January 17, 2019, 1:16 PM UTC

Michael Cohen, Donald Trump’s former lawyer and fixer, reportedly hired someone to try rigging online polls in Trump’s favor ahead of the 2016 presidential election.

According to a Thursday Wall Street Journal report, Cohen also asked the man — John Gauger, owner of an IT firm called RedFinch Solutions and chief information officer at Jerry Falwell’s Liberty University — to set up a Twitter account called @WomenForCohen.

The bio on the account, apparently run by a female friend of Gauger, read: “Women who love and support Michael Cohen. Strong, pit bull, sex symbol, no nonsense, business oriented, and ready to make a difference!”

The two online polls included one run by CNBC, in which Gauger was tasked with getting Trump placed in a list of U.S. business leaders (he failed to make the top 100) and a Drudge Report poll of potential GOP candidates (Trump placed fifth.)

Gauger told the Journal that when he visited Cohen to collect his $50,000 payment in 2015, the now-jailed lawyer handed him “a blue Walmart bag containing between $12,000 and $13,000 in cash and, randomly, a boxing glove that Mr. Cohen said had been worn by a Brazilian mixed martial arts fighter.”

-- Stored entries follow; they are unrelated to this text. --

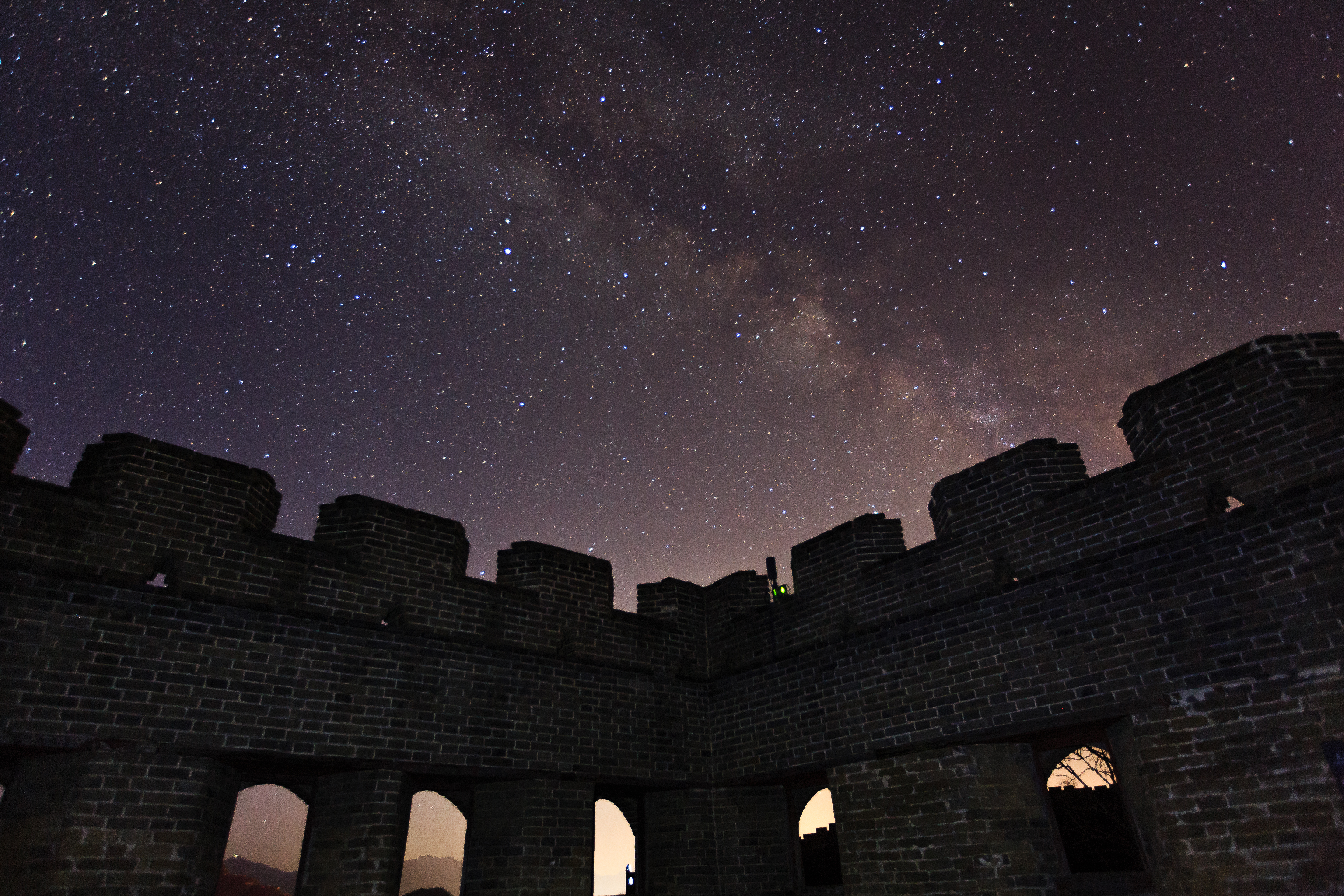 在星光闪烁的15日凌晨3点我们准时出发爬上了长城,在领队广角镜的指导下,队员们以长城为前景拍起了银河,棒棒哒。凌晨零点半上长城的两位队友还拍了星轨,在此借用队友“一山”所拍的星轨图
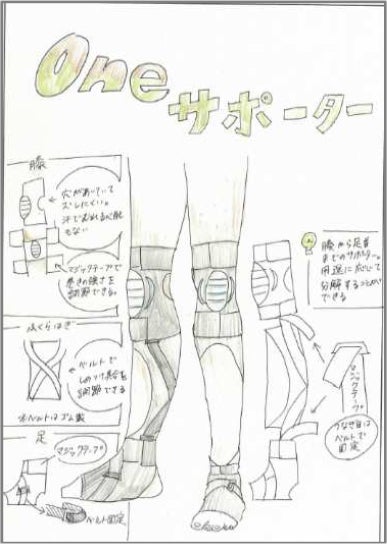 部活動を行う際に着けたいと思うサポーターをデザインしてください。運動部、文化部問わず、様々な場面の中で「ここをサポートしたい」と思う瞬間があると思います。既存の製品を超える、新しいアイデア、デザインを生み出してください。
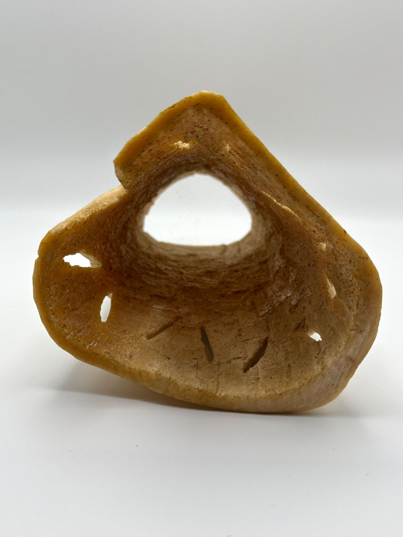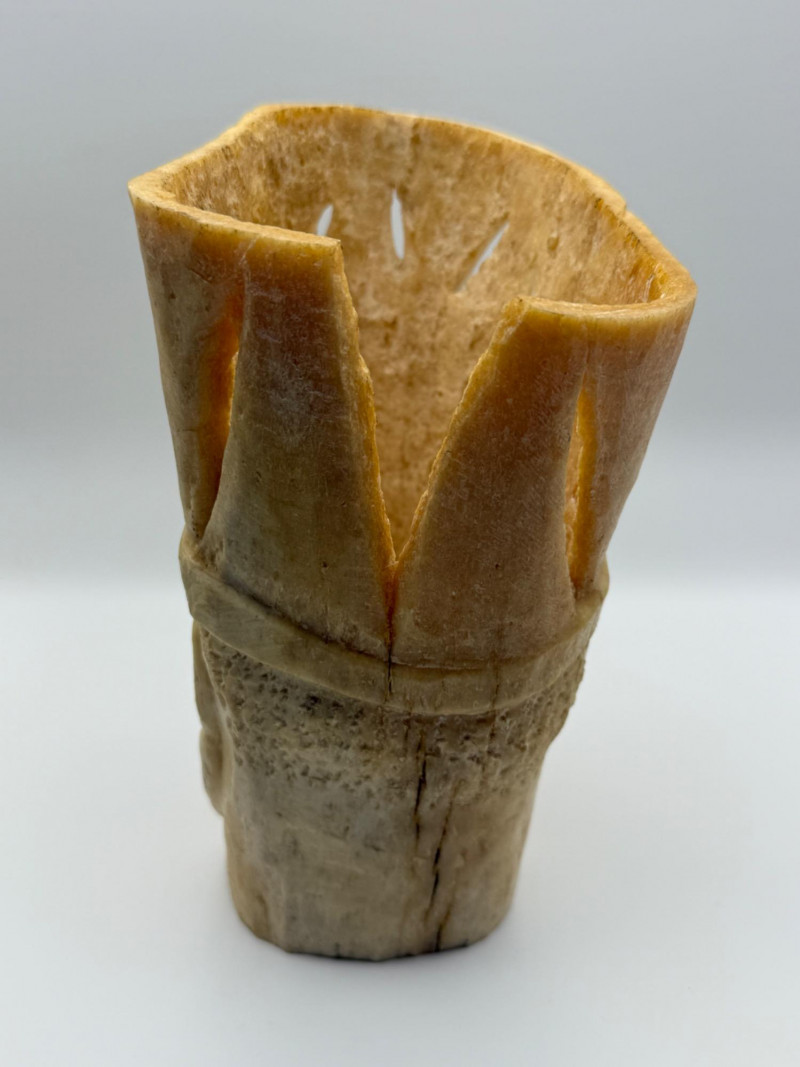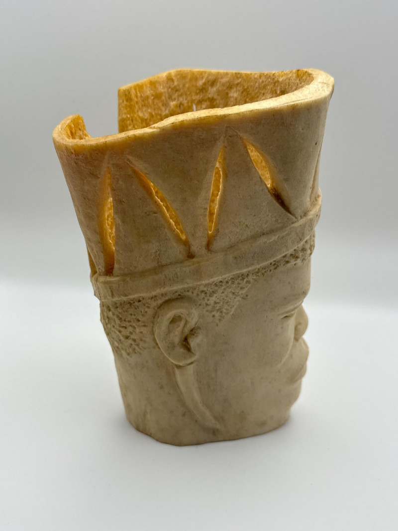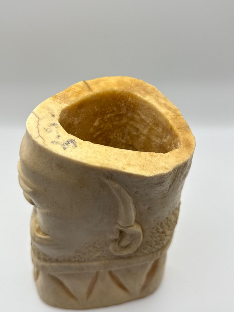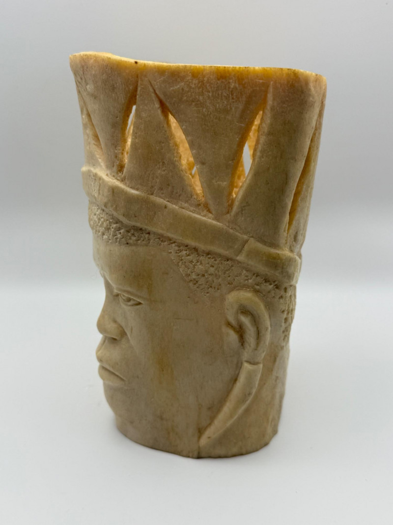 Hand-carved bust of a crowned figure rendered in natural bone, showcasing stylized facial features and a pierced triangular headdress. This piece reflects traditional African artisan techniques and cultural symbolism, likely crafted as a decorative or ceremonial object. Material: Carved bone Age: Vintage (mid to late 20th century) Style: African tribal with geometric crown motif Important Details: Approx. 6.5" H; finely detailed facial carving; pierced crown design; excellent condition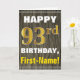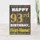 Cartão Faux Wood, Faux Dourado 93º Aniversário + Nome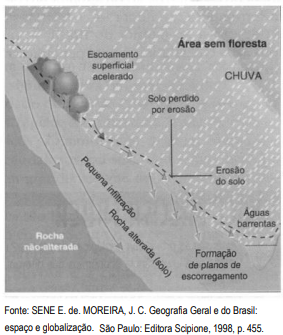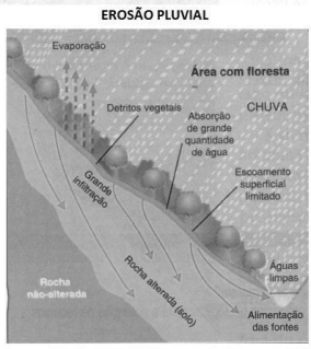 Nos períodos chuvosos do ano são frequentes os movimentos de massa. No esquema a

Cohen, who is serving three years for crimes including tax evasion and campaign finance violations, told the paper that he only paid Gauger by check. The report also notes that, although Gauger claims to have been severely underpaid, Cohen charged Trump for the full 50 grand.

“If one thing has been established, it’s that Michael Cohen is completely untrustworthy,” current Trump lawyer Rudy Giuliani told the Journal.